Up until now, both free and paid users of Spotify have enjoyed access to its lyrics feature, which follows along with a song so you can finally understand what your favorite singer or rapper is actually saying. It’s a great feature that the company brought to its music streaming app shortly after Apple rolled out Live Lyrics for Apple Music.
However, it appears that Spotify might be rethinking who gets access to lyrics. As spotted by The Verge, some users on the free plan are starting to notice that lyrics have been put behind a paywall. Instead of seeing the lyrics to a song, they are now being shown an ad saying that they can get access to lyrics if they pay for one of Spotify’s Premium plans.

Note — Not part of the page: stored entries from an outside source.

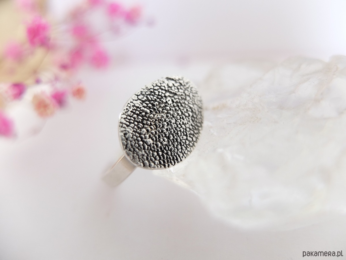 Każdy pierścionek jest unikatowy. Tworzony ręcznie w kilkustopniowym procesie, ze starannością i dbałością o detale co sprawia, że biżuteria z odciskiem jest niepowtarzalna. Wykonana z wysokiej jakości srebra będzie Ci towarzyszyć przez lata.
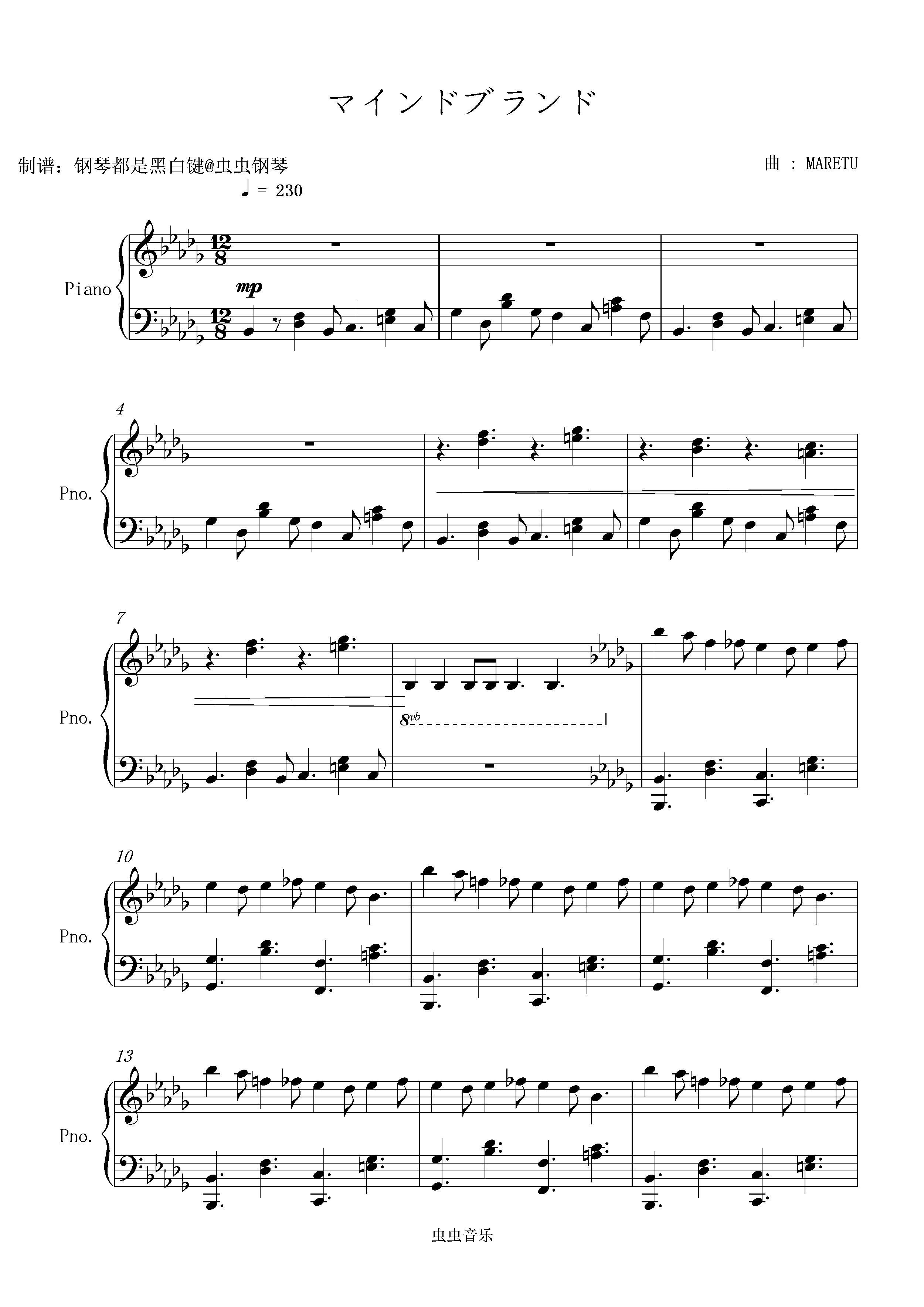 • メインテーマ ~Baby Blue Sky~钢琴简谱 Bb调 数字双手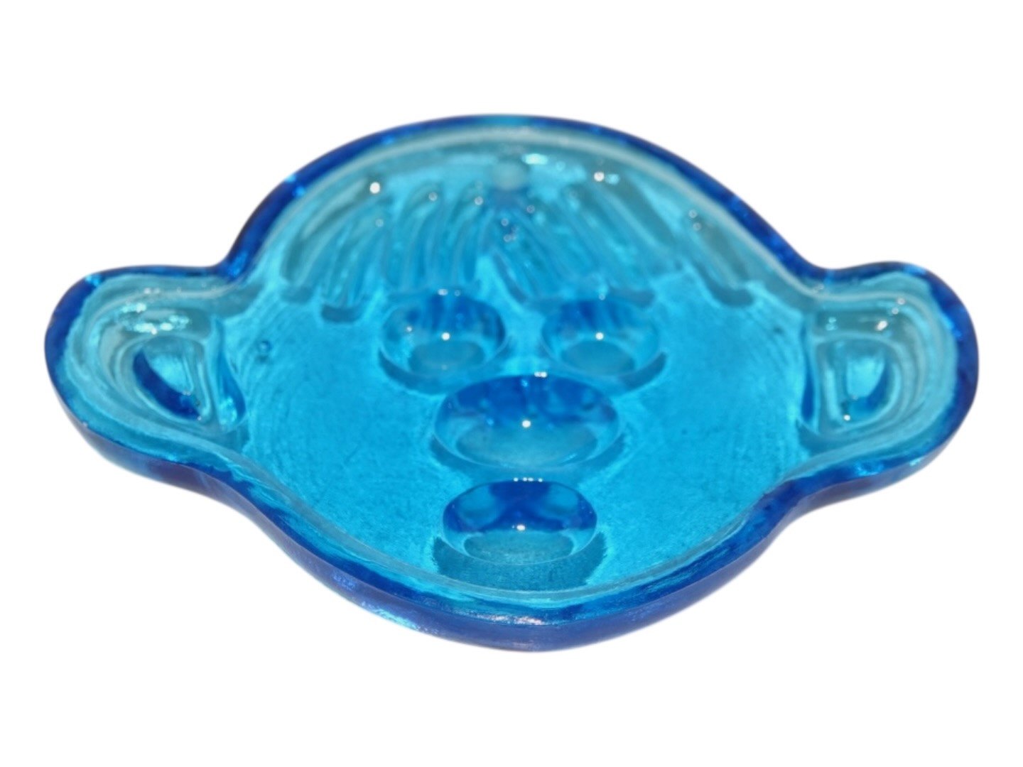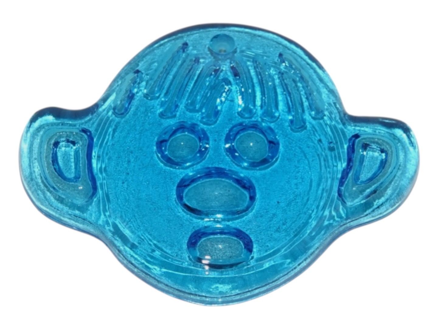 Beskrivelse: Glasværk fra Sverige, lyseblå solfanger i form af drengeansigt fra 1970'erne eller 1980'erne.
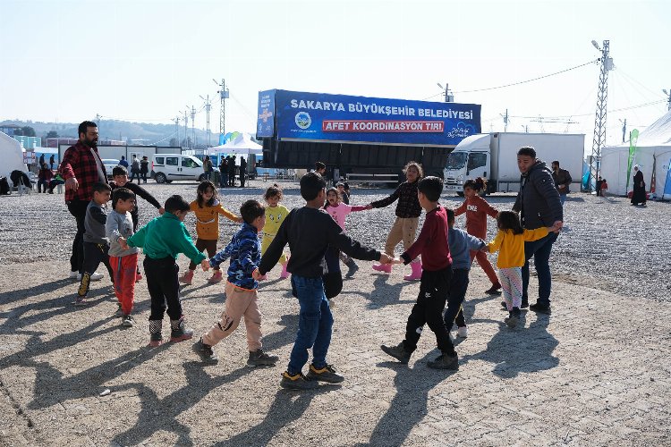 Sakarya Büyükşehir Belediyesi ekipleriasrın felaketinin yaşandığı deprem bölgesinde çadırkentlere kurduğu oyun alanlarında çocukların yüzünde tebessüm oldu.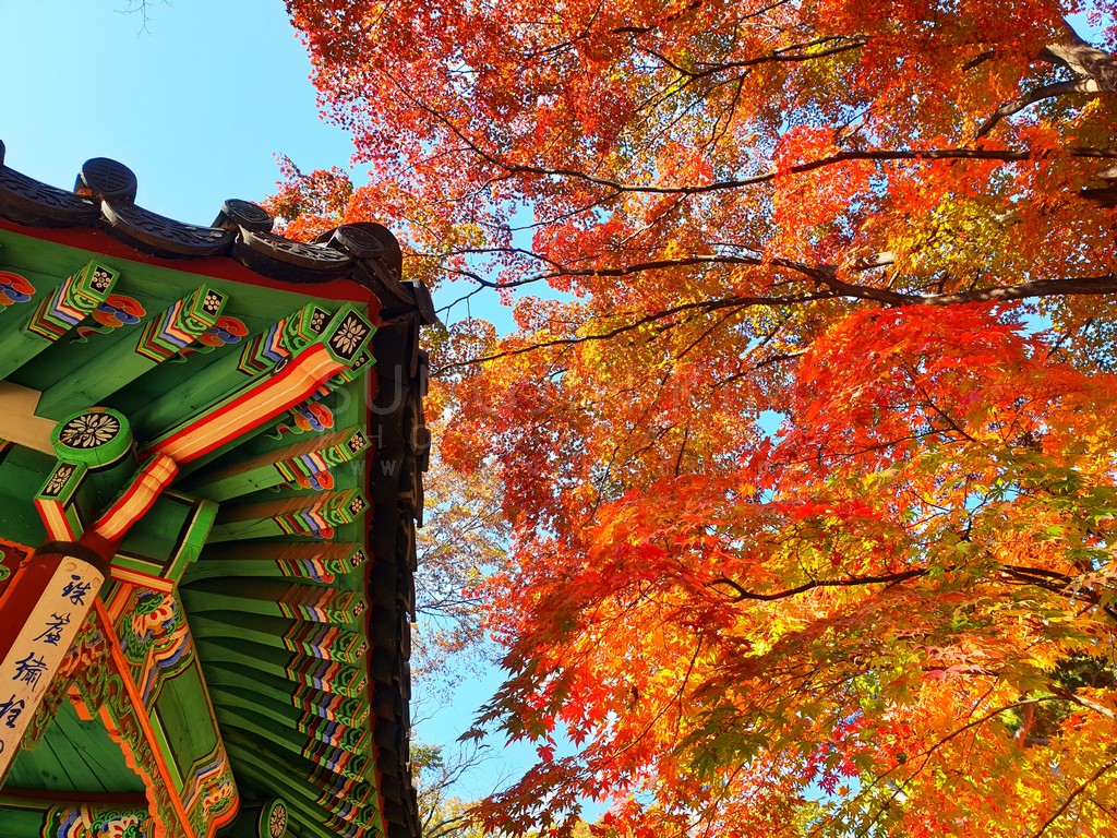 This image captures the vibrant colors of autumn foliage against the intricate details of a traditional Korean eaves. The rich reds and oranges of the maple leaves create a striking contrast with the green, red, and black of the painted woodwork. The low-angle shot emphasizes the height and spread of the tree, while the clear blue sky provides a serene backdrop. The image evokes a sense of tranquility and appreciation for the beauty of nature and cultural artistry.

CJ Stanley, Spotify’s co-head of global communications, confirmed in a statement to the outlet that the company is testing putting lyrics behind a paywall with Spotify Premium.

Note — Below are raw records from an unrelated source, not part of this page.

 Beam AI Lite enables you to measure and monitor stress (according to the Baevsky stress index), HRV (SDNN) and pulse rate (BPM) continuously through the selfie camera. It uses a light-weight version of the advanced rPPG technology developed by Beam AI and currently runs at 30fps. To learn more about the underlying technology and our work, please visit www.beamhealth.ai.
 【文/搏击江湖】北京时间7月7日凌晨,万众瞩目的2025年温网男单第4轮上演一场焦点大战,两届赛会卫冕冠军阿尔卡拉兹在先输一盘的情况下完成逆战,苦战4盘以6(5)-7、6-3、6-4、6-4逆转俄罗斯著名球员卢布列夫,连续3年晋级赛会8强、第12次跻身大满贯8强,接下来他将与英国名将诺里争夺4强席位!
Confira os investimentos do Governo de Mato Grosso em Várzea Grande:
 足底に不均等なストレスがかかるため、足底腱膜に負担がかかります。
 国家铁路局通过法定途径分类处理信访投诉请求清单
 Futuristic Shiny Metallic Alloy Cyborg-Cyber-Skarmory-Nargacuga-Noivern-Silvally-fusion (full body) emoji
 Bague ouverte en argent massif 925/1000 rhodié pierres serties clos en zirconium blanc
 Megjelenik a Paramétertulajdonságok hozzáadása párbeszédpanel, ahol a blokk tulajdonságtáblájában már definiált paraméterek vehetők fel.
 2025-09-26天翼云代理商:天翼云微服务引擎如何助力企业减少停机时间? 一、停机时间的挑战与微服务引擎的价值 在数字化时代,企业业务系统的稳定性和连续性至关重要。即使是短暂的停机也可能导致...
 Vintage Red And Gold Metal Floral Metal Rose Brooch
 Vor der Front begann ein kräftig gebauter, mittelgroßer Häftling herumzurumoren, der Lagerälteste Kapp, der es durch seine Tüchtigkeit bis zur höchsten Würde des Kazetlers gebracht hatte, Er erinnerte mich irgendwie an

“At Spotify, we routinely conduct a number of tests, some of those tests end up paving the way for our broader user experience and others serve only as an important learning. We don’t have any further news to share at this time.” Stanley later followed up to add that “In keeping with our standard practices, we’re currently testing this with a limited number of users in a pair of markets.”
So, it appears that the test could simply be that — a test. There’s no confirmation from the company that it will go through with making the lyrics feature exclusive to its Premium plan. In the meantime, however, some free users are going to be living in that world anyway.

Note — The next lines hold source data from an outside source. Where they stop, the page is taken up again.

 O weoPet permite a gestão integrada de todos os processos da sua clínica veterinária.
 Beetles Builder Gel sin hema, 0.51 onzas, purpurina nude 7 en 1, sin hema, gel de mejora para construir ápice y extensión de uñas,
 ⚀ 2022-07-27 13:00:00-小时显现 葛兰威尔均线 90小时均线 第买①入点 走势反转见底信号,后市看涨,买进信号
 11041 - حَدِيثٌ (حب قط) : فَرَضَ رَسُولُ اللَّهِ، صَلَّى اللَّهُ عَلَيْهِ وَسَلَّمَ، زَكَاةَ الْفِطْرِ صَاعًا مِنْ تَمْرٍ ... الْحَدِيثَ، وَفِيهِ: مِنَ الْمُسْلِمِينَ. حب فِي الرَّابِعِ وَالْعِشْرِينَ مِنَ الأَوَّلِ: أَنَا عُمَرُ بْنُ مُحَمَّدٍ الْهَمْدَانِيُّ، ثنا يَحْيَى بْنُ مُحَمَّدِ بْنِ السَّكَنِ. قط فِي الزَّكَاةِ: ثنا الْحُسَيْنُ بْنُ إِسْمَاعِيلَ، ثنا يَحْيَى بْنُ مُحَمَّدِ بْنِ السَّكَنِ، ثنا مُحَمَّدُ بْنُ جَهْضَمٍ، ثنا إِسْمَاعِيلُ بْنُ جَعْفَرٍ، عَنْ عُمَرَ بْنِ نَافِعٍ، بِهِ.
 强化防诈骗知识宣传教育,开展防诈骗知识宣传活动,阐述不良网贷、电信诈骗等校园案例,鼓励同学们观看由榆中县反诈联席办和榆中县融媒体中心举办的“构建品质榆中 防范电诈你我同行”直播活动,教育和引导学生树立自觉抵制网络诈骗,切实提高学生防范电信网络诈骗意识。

I really hope Spotify doesn’t go through with this. It’s one thing if they launched the feature as something that was only available to Premium users. However, to launch it for everyone, get people to start expecting it, and then lock it behind a paywall — that’s a crappy thing to do to its customers. I can’t think of a time when competing services like Apple Music or YouTube Music have done the same, so it feels like this one is a case where Spotify tried something out as a “test” in public, caught the backlash early, and then canceled it before it got too wide.
I’ll personally stick with Apple Music. In addition to having Live Lyrics longer than Spotify, the music streaming app also offers the Karaoke feature, which lets you sing along with your favorite songs while cutting the vocals out — it works surprisingly well. It also has Lossless Audio and Spatial Audio, features Spotify has been promising but failing to deliver for years.
Hopefully, Spotify doesn’t give users one more reason to switch away from it. At least it recently rolled out its AI DJ to more people recently.